Service of the Humbling Job Hunt That Doesn’t Have to Be

July 22nd, 2019

Categories: Compassion, Human Resources, Job Hunt

I remember an interview at a major PR firm years ago. I left walking on a cloud even though there were no jobs for me. The HR manager was spectacular–he made me feel great about my career and my prospects and we laughed a lot.

Encouraging job-seekers is the gold standard and should be the mission of anyone responsible for adding staff or is in even the smallest part of the process. Unfortunately, it’s not the case as often as it should be. A positive approach and refusal also goes for decision-makers inviting vendors to bid on a project.

I’ve covered the tribulations of job hunting before, most recently last December in “Service of Employee Behavior” where I protested how important a simple follow up to a scrubbed candidate is, especially after the person has prepared for and gone through an interview process. If for no other reason, it frees the conscientious candidate from making repeated follow-ups to no avail. It is respectful and reflects well on the company.

There are exceptions: when the reply is a putdown the recipient would have been better off with silence. An example was the arrogant response to a friend’s outreach to a communications company which inspired this post. He was told he “wasn’t a fit.” [Actually, he was.] The reaction of a colleague, to whom I shared this incident, was “at least he got a reply. Most people don’t.”

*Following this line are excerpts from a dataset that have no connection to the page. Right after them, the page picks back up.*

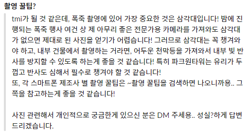 윤아님은 행사방 채널에도 촬영 꿀팁을 남겨주셨어서 따로 촬영 꿀팁까지 문의드려봤습니다.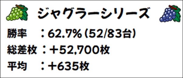 もちろん他のジャグも高配分濃厚で、全ジャグがプラス。全体でも勝率62%超&総差枚+5.2万枚超と抜群の結果を残しました!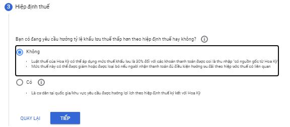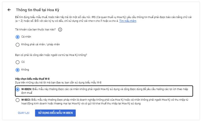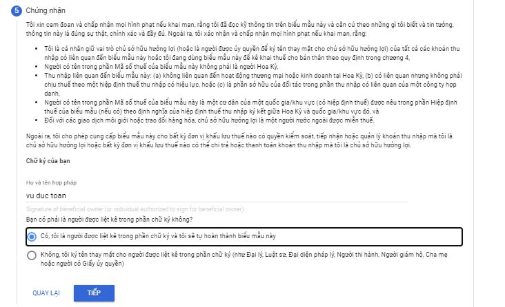 Các bạn để ý là 30% là áp dụng với lượt xem tính tại đất Mỹ, còn kênh của các bạn mà lượt xem là người việt và các nước khác thì sẽ không phải tính thuế, chỉ khi nào người mỹ xem thì mới tính thuế mà thôi. Ngược lại các bạn không khai báo thì các bạn sẽ bị truy thu 24% áp dụng trên tất cả các lượt xem trên toàn thế giới. Ngoan ngoãn khai báo, nếu video của bạn mà lượt xem người mỹ ít thì cũng chả thiệt thòi gì !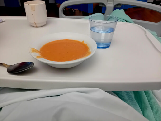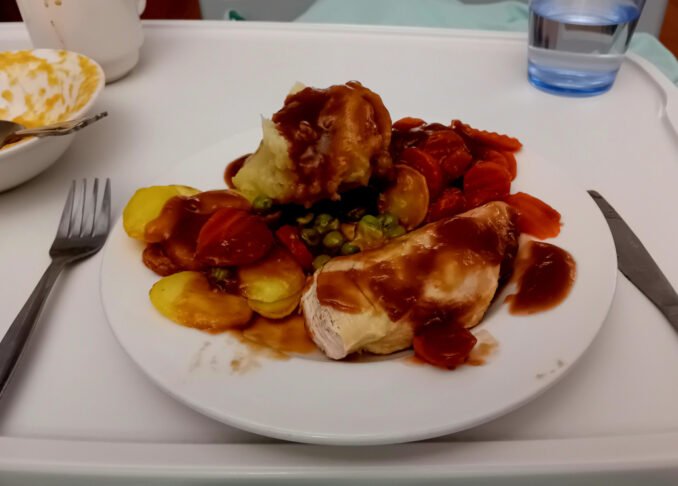 Up on the ward by 5pm and the first of my meals arrived. For those of you ensconced below the line that runs from south of the wash to the Bristol Channel, a bowl of lukewarm soup (edible enough) followed by a plateful of gravy smothered veg accompanying a piece of brick like chicken breast is just what Northern folk need to build them up following hip replacement surgery. I ate the soup, a bite of the chicken and some of the oven finished sliced potatoes, which were very nice. The apple sponge and custard, another northern classic, which followed went back to where it came from, less the apple, which I thought might make up for one of my five a day. My request for a glass of beetroot juice or a mug of nettle tea was met with blank stares and eye rolling. I remembered, as high as I still was (oramorph had been taken by this time) that my “self help” diet had me marked down, in NHS circles as “one of them”. The grapes, thoughtfully provided by my eldest daughter were very welcome. I was still numb from the waist down so the planned physio session was shelved for the day and I steeled myself for what I expected to be a night of pain, discomfort, opioid induced somnolence and urinating into cardboard bottles. I’d made myself a promise that, no matter what, a catheter wasn’t happening.

Another friend arranges her calendar around the many telephone interviews that are essential to her job hunt. She waited for one scheduled call, rang the person when the phone stayed mute for minutes after the appointed time. Eventually she called him and left a  him a voicemail message.  She never again heard from this person. Outrageous.

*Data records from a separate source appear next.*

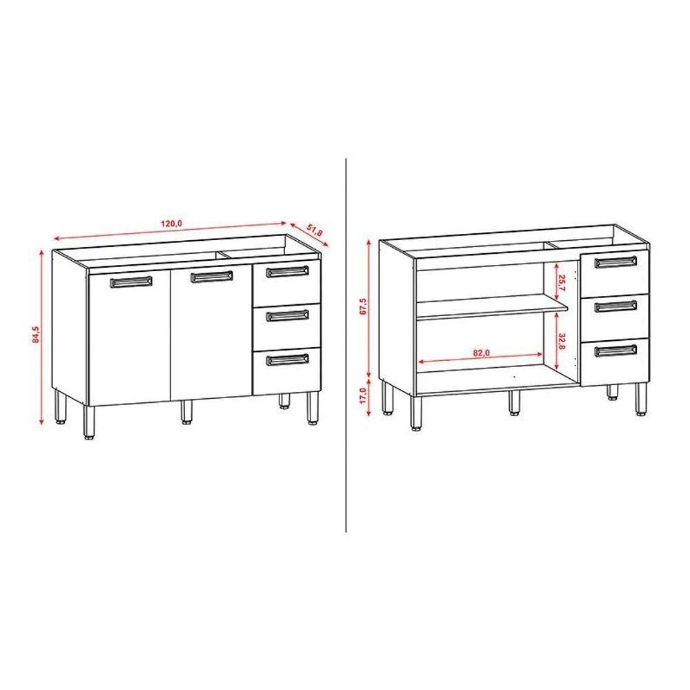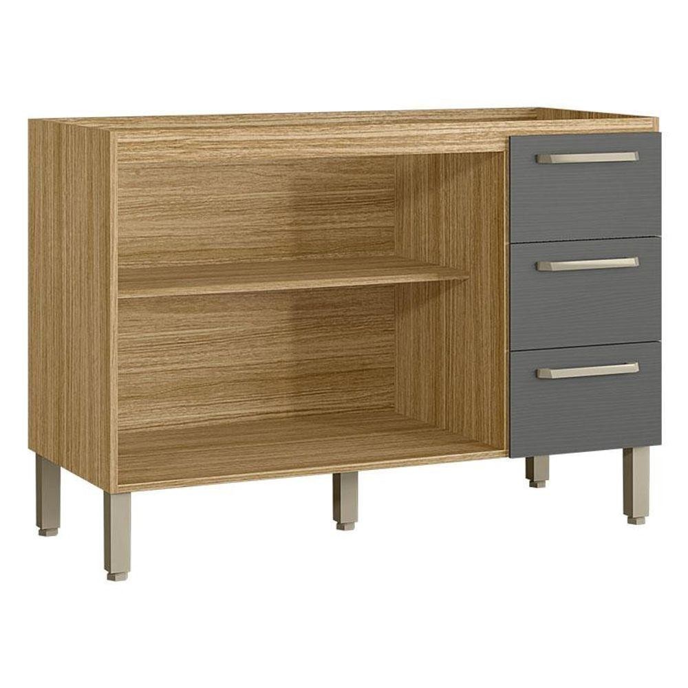 Balcão De Pia Ametista 2 Portas 3 Gavetas 120 Cm Freijó Gris - Kits Paraná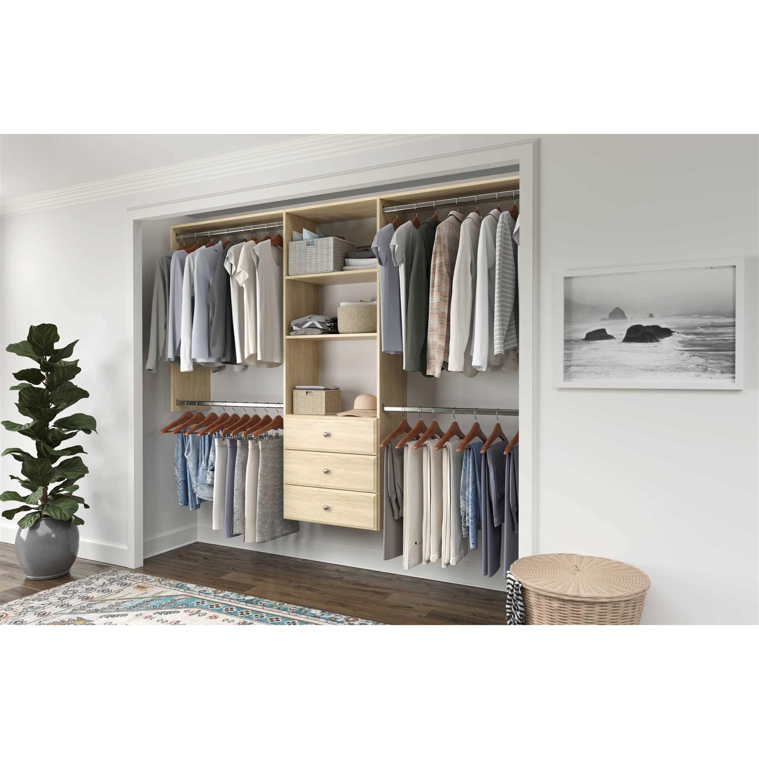 Organizing your closet will be easy with the Closet Evolution Essential Plus Closet Kit. This kit provides up to 12 ft. of hanging space and 16 ft. of shelf space. Closet Evolution Closet kits can be used individually or combined for larger closet needs. Featuring a Harvest Grain finish that will keep any space looking beautiful and timeless.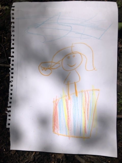 Finally, the Mud Pool Dragon confessed that he did indeed breathe fire, and that he would! So he dried us all up just in time for us to get back to the Magic Ball to transport ourselves back to the Children Wood for our picnic.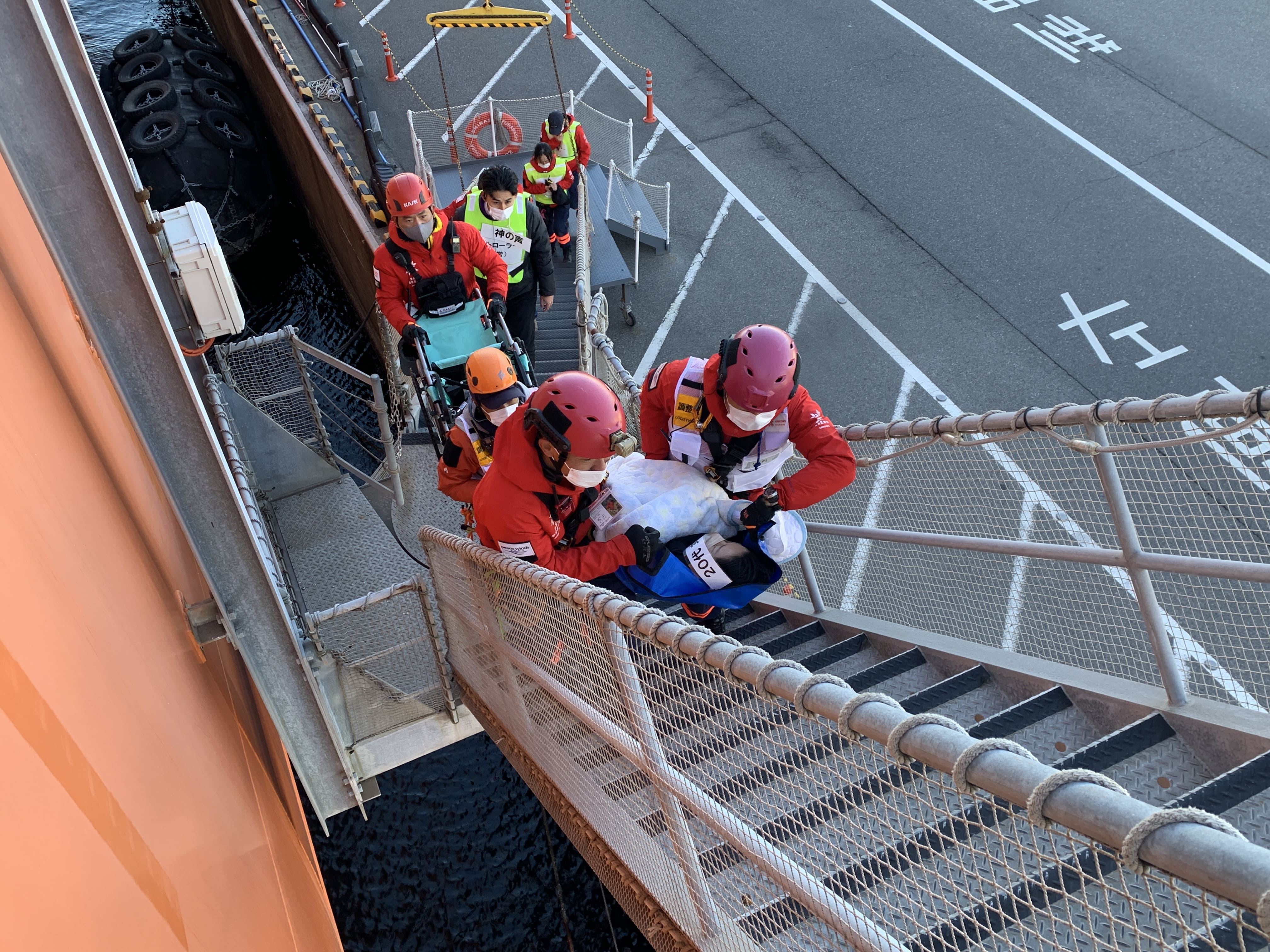 今回は船橋港に係留している、SHIRASE5002という1983年から2008年にかけて南極観測船として活躍した船内で実施し、内閣府による災害医療における船舶を活用した実証訓練事業として行われました。洋上活動における各種調整や船内外への患者搬送、船内での応急処置・安定化を実施することで、実災害時の活動を検証することを目的としています。

A top editor told me, after she was laid off and had become a freelance writer, how sorry she was that she’d been so abrupt with or unresponsive to writers who’d approached her with story ideas after she’d experienced how it felt to be on the other side of the ask.

Is self-importance the rule or the exception for those in the hiring business whether for a job or a project? Have you come across exemplary people in these roles or outstandingly nasty ones?

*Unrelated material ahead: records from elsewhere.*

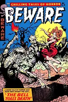 EC's success immediately spawned a host of imitators, such as Ziff-Davis' and P.L. Publishing's Weird Adventures,[34] St. John Publications' Weird Horrors,[35] Key Publications' Weird Chills,[36] Weird Mysteries[37] and Weird Tales of the Future,[38] Comic Media's Weird Terror,[39] Ziff-Davis' Weird Thrillers,[40] and Star Publications' Ghostly Weird Stories.[41] Others included Quality Comics' Web of Evil,[42] Ace Comics' Web of Mystery,[43] Premier Magazines' Horror from the Tomb[44] Harvey Comics' Tomb of Terror, Witches Tales, and Chamber of Chills Magazine,[45] Avon Comics', Witchcraft,[46] Ajax-Farrell Publications' Fantastic Fears,[47] Fawcett Publications' Worlds of Fear and This Magazine Is Haunted,[48] Charlton Comics' The Thing,[49] and a slew from Atlas Comics, including Adventures into Weird Worlds,[50]Adventures into Terror,[51] Menace, Journey into Mystery, and Strange Tales. Indeed, from 1949 through comics cover-dated March 1955, Atlas released 399 issues of 18 horror titles, ACG released 123 issues of five horror titles, and Ace Comics, 98 issues of five titles — each more than EC's output.[31]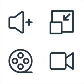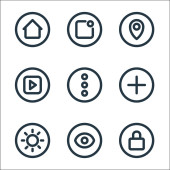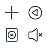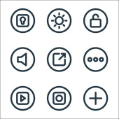 podstawowe ikony linii ui. zestaw liniowy. zestaw linii wektorowych jakości, takich jak głośność, ustawienie, wyszukiwanie, siatka, galeria, udostępnianie, flash, więcej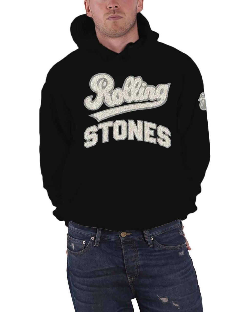 The Rolling Stones Hoodie Band Logo Applique Tongue Official Mens Black Pullover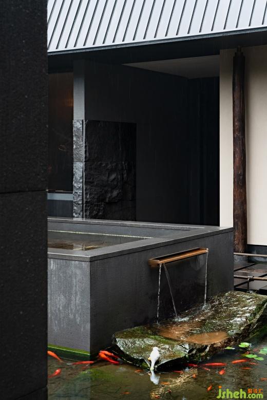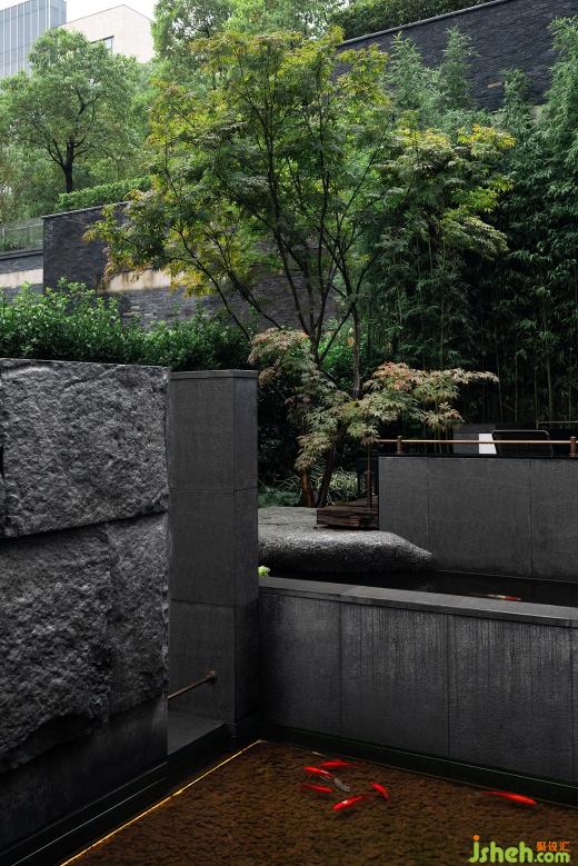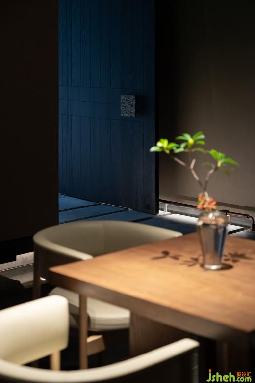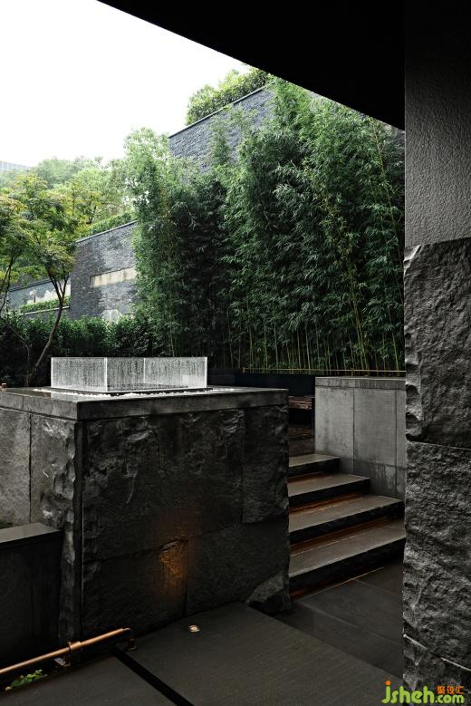 客人由東側(cè)門經(jīng)庭院進(jìn)入餐廳,拾級(jí)而上,經(jīng)踏步、浮橋、池水、組石、竹林,庭院時(shí)而強(qiáng)有力,時(shí)而靜謐、瀟灑、寂寂,皆隨游園者心境的變化而變化,并無定式,游園此時(shí)是茶事悠長(zhǎng)婉轉(zhuǎn)的序言。

4 Responses to “Service of the Humbling Job Hunt That Doesn’t Have to Be”

  1. Vicki Hidalgo Said:

    Vicki wrote on Facebook: Personally I am seeing major companies rely on websites and the internet eliminating a Human Resource person. An HR person is critical to nurturing and recognizing talent for companies to grow and prosper.

  2. Jeanne Byington Said:

    Vicki,

    I don’t think HR talent is eliminated–it just takes a long while before a job hunter sees a person and the same with recruiters seeing candidates. In a previous post, “Service of Recommendations That Make it Easy on Recruiters,” http://blog.jmbyington.com/?p=16591, I wrote about the electronic forms I’ve been asked to fill out for recommendations that hardly gave enough info to HR and supposedly saved staff time. Useless. A shame when people don’t know when and when not to rely on technology to streamline their tasks.

  3. Lucrezia Said:

    There are good and bad examples of both job seekers and HR people. I suspect all of us could comment on examples up and down the scale. We’re humans, and not everyone occupies the proper job slot!

  4. Jeanne Byington Said:

    Lucrezia,

    That’s for sure….but the good ones are great and can inspire and uplift. That’s the “it doesn’t have to be” part of the title of my post. I also suspect that like the editor I wrote about, any of the HR people who find themselves knocking on doors for a job will be kinder to candidates in their next position.